In the view of medicine, preeclampsia is a condition in pregnancy characterized by abrupt hypertension (a sharp rise in blood pressure), albuminuria (leakage of large amounts of the protein albumin into the urine) and edema (swelling) of the hands, feet, and face. Preeclampsia is the most common complication of pregnancy. It affects about 5% of all pregnancies worldwide. It often occurs in the third trimester (the last third) of pregnancy.

In their Book: Understanding Preeclampsia a guide for parents and health professional, published in 2017, Joyce Cowan, Professor Chris Redman, and Isabel Walker, place emphasis on the need to define this medical condition. They asserted:

“A major obstacle to progress in understanding and managing pre-eclampsia has been a striking lack of consensus on how the condition should be defined.”

These scholars in the field further state that the disease definitions are important for two main reasons. The reasons are stated thus:

  1. Diagnosis and treatment: if an illness is not clearly defined it is impossible to diagnose it accurately and treat it systematically;
  2. Research: if an illness is not clearly defined, different terms of researchers cannot be sure that they are all studying the same condition.

And this Center shall hazard a third and that is if an illness is not clearly defined, then standards are hard to set and compliance impossible to be had as same even if issued by a tribunal will amount to brutum fulmen: impossible to enforce.

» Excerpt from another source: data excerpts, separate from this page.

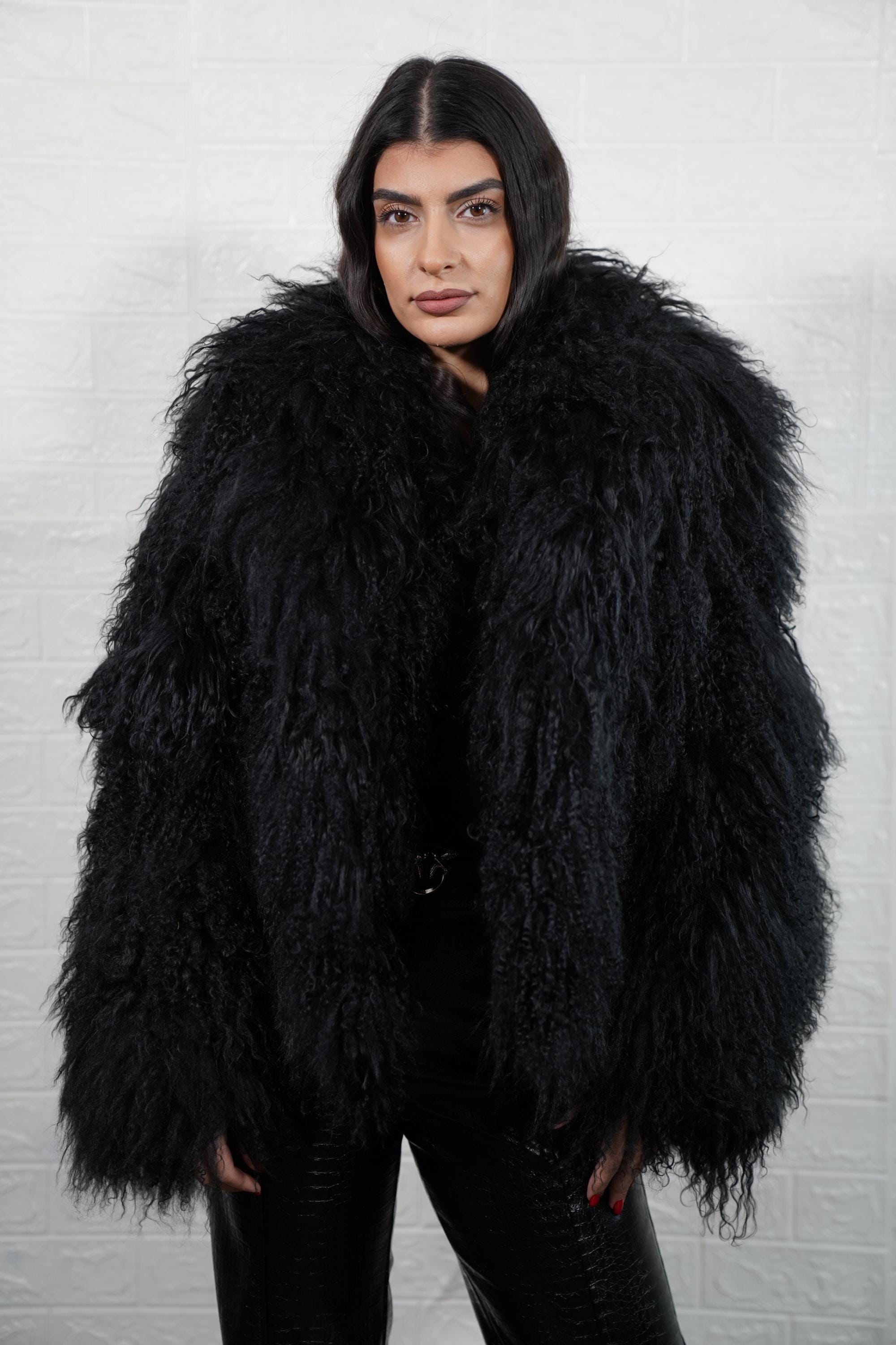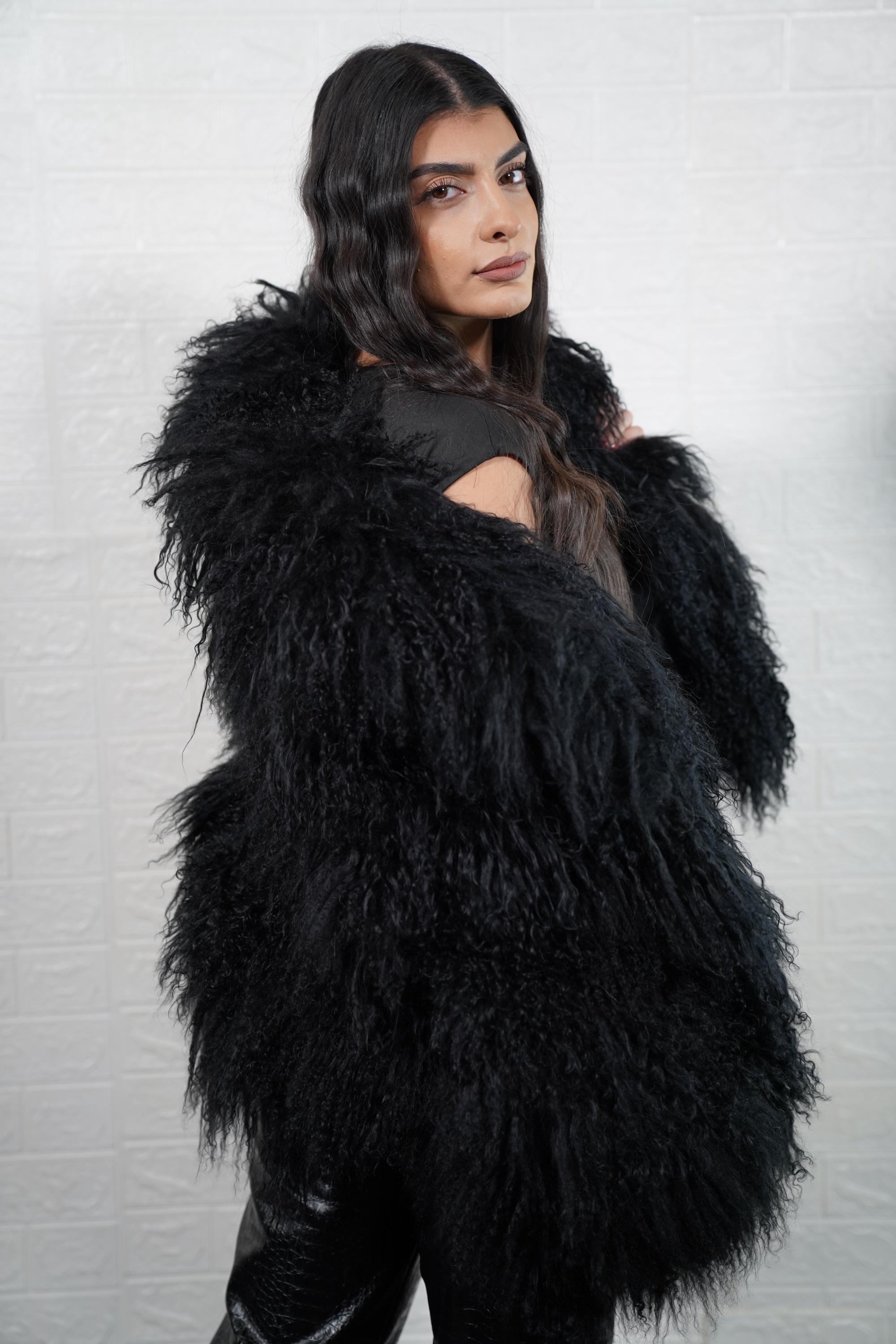 This unique jacket coat features plush, fluffy black Mongolian sheepskin with full skin pelts for a voluminous, textured look. The luxurious fur, premium lining, and tailored fit provide warmth, comfort, and a one-of-a-kind fashion statement.
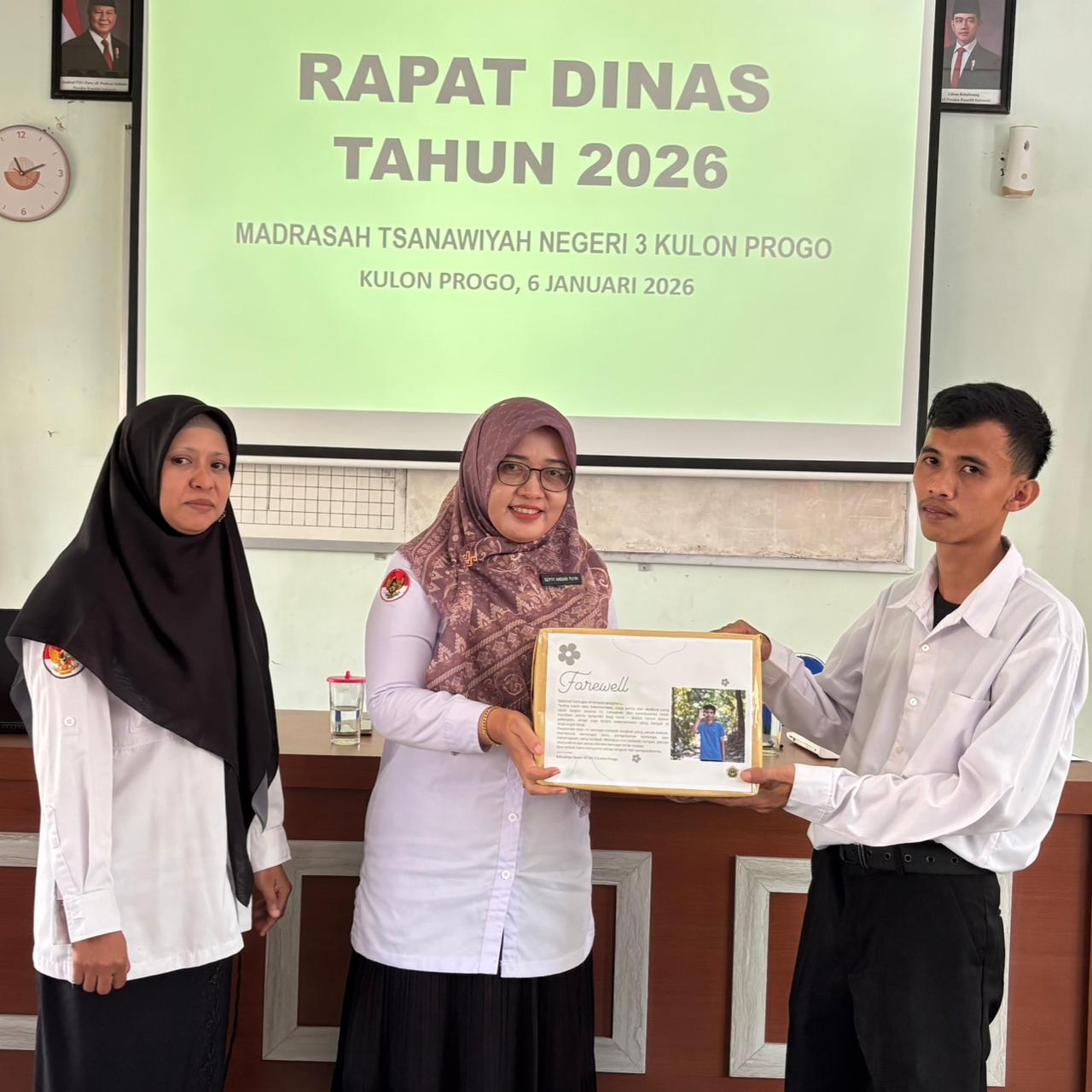 Kulon Progo (MTsN3KP) – MTsN 3 Kulon Progo melaksanakan kegiatan pelepasan tenaga kependidikan Rovik Rismanta yang resmi diterima menjadi Aparatur Sipil Negara (ASN) di MAN 3 Kulon Progo. Kegiatan pelepasan ini menjadi momen apresiasi atas pengabdian yang telah diberikan selama bertugas di MTsN 3 Kulon Progo.
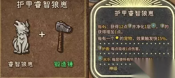 10、护甲睿智狼崽(神级,宠物):睿智狼崽+锻造锤
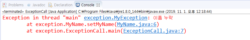 try catch문을 통한 예외처리말고 Excpetion 클래스 상속으로 나만의 예외처리 코드 예시

It thus appears from the views and workings of American College of Obstetricians and Gynecologists (ACOG) in 1972, the International Society for the Study of Hypertension in Pregnancy (ISSHP) in 1992 with that of broader definitions from Canada and the world health burden of the disease, both ACOG and ISSHP have adopted in 2013 and 2015 respectively the following definition of the disease:

“…hypertension and proteinuria.”

Two things one will easily see or find out are: one, raised blood pressure alone, known in most countries as gestational hypertension; and raised blood pressure and proteinuria. Each of these conditions must receive attention of a health professional to look out for and manage a possible pre-clampsia condition to avoid threat to life: mother and unborn child dying. This is because two medical condition must be developing in the manner infra:

  1. An inadequate blood supply from the mother to the placenta, known as placental malperfusion; and
  2. A range of maternal problems produced by abnormal signals from the malperfused or stressed placenta.

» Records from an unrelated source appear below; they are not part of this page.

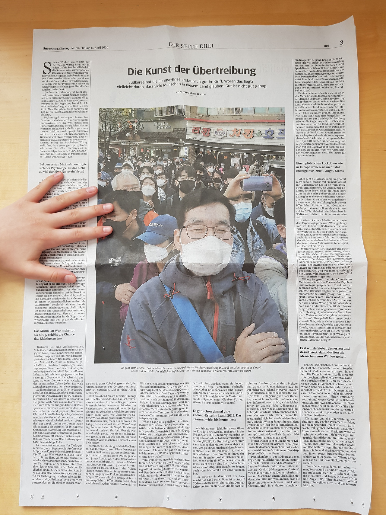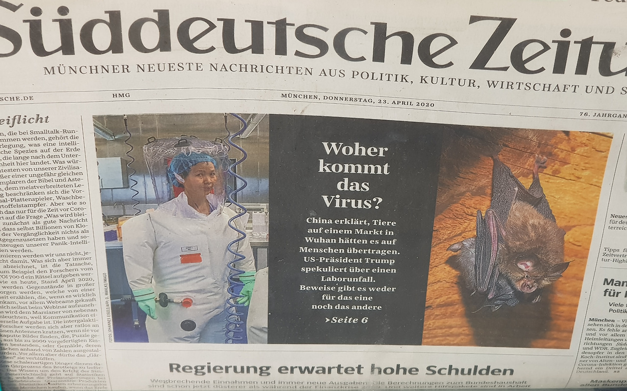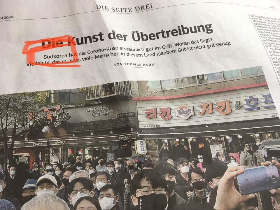 쥐트도이체 차이퉁에 실린 기사들. 중국 코로나 기원설과 5월 개학(위). 한국의 총선을 다룬 기사에 아이가 형광펜을 칠했다!(아래)
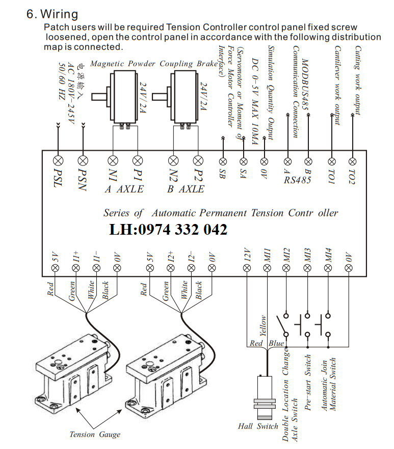 ★ Chế độ đầu ra chính: đầu ra 0-24V /2A × 2, được kết nối với thắng bột từ,ly hợp từ
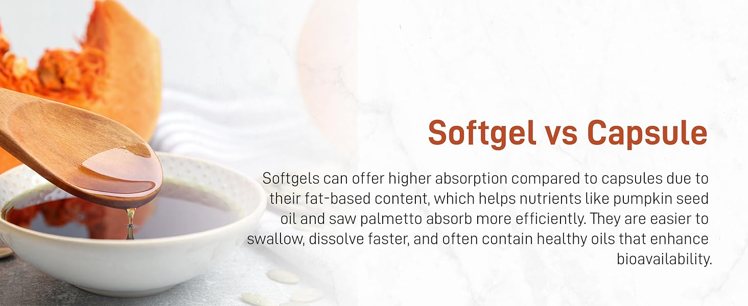 Each pouch offers 300 softgels with a 3 softgel serving size, contains 3,000mg pumpkin seed oil with 75mg saw palmetto oil and provides up to a 100-day supply.
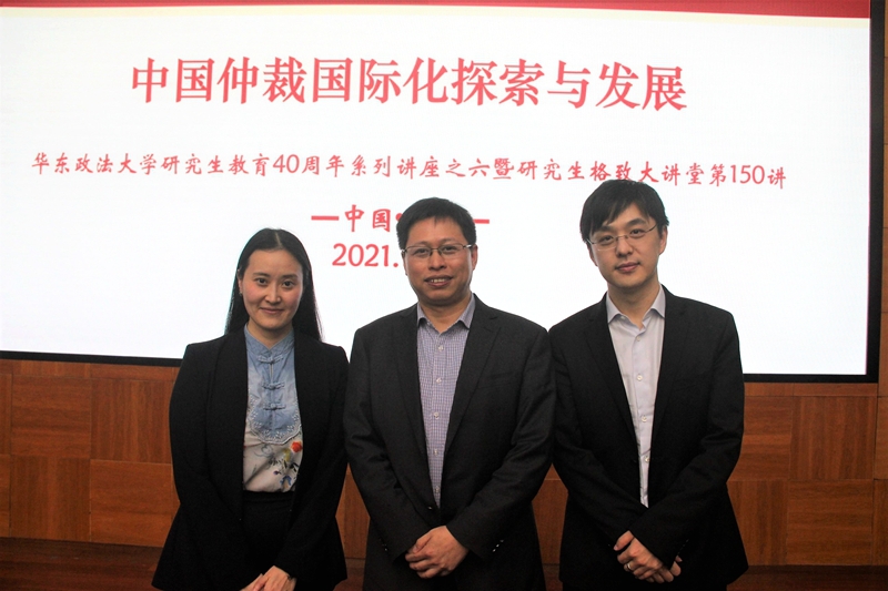 11月4日晚,我校研究生教育40周年系列讲座第六讲在长宁校区举办,上海国际经济贸易仲裁委员会秘书长王唯骏和案件管理一部部长宋茹祎,应邀为我校师生作了题为“中国仲裁国际化探索与发展”的讲座。此次讲座也是我校研究生格致大讲堂第150讲,由我校互联网+法律大数据平台副主任、博士生导师王勇教授担任主持。
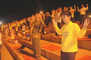 ![]() 学员在马六甲市政府广场前集体炼功。 |
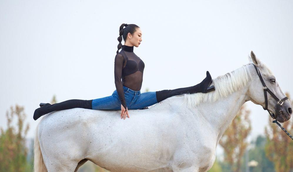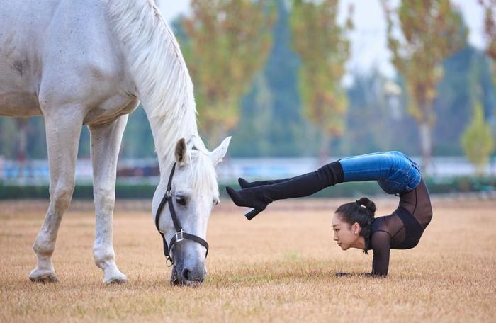 图为刘藤在马儿面前做出难度动作,马儿很温顺,一人一马,“与马共舞”,画面十分温馨。《被誉为“中国柔术女王”,挑战各种高难度动作,中国的“蜘蛛侠”》
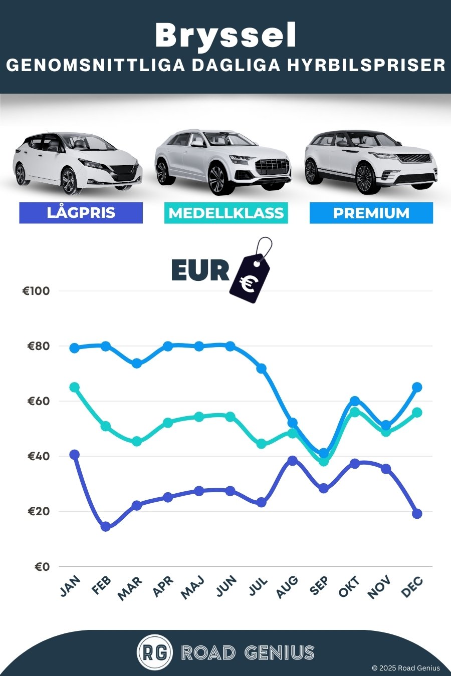 I genomsnitt kostar en bilhyra i Bryssel omkring 49 € per dag, med de billigaste priserna från 14 € per dag.

According to the Greek mythology, the word preeclampsia is named after the Greek goodness, lightening. It hits in a moment and crushes in a second and a life is gone.

The statistics on this tragic lightening disease is humbling. It is worthy to note that preeclampsia is a universal disease.

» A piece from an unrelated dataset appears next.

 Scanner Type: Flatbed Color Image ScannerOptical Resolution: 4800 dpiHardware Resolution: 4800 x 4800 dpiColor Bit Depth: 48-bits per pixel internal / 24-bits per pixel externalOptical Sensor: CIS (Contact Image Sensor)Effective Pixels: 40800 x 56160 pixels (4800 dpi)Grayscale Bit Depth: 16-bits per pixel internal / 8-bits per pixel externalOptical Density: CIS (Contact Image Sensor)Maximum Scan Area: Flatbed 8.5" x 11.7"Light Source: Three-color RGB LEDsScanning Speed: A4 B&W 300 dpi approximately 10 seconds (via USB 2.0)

It is submitted that pre-clampsia affects about five (5) in every hundred (100) white pregnant women in the developed countries. In some other countries it appears to be more common: for example Nicaragua has an incidence of 7.67 per cent, Mongolia 6.71 percent and Brazil has 4.60 per cent.

The condition is even more common in some races, such as black Africans and Polynesians, for reasons that are not well understood. Differences in genetic evolution, diet, education, housing and income have been suggested as possible factors. In Ghana, it has been researched that the number stands as 15 percent every of 100 per cent of the nation’s pregnant women.


There is one thing that is closely associated with this pregnancy induced disease: light. Preeclampsia is simply lightning and thunder to those who have witnessed it. This appears to be of a negative connotation and brings undesirable memories to families and persons who have suffered this feat. Nonetheless, it is the same light that ought to overcome the darkness of this disease. Knowledge is key. What is it that must be done to avoid and or prevent and or manage the situation when lightning strikes. Just be prepared. It must be noted that Pre-eclampsia is an illness that happens only in pregnancy or shortly after birth. In our preparation we must know the signs and understand the symptoms, risks and management of same.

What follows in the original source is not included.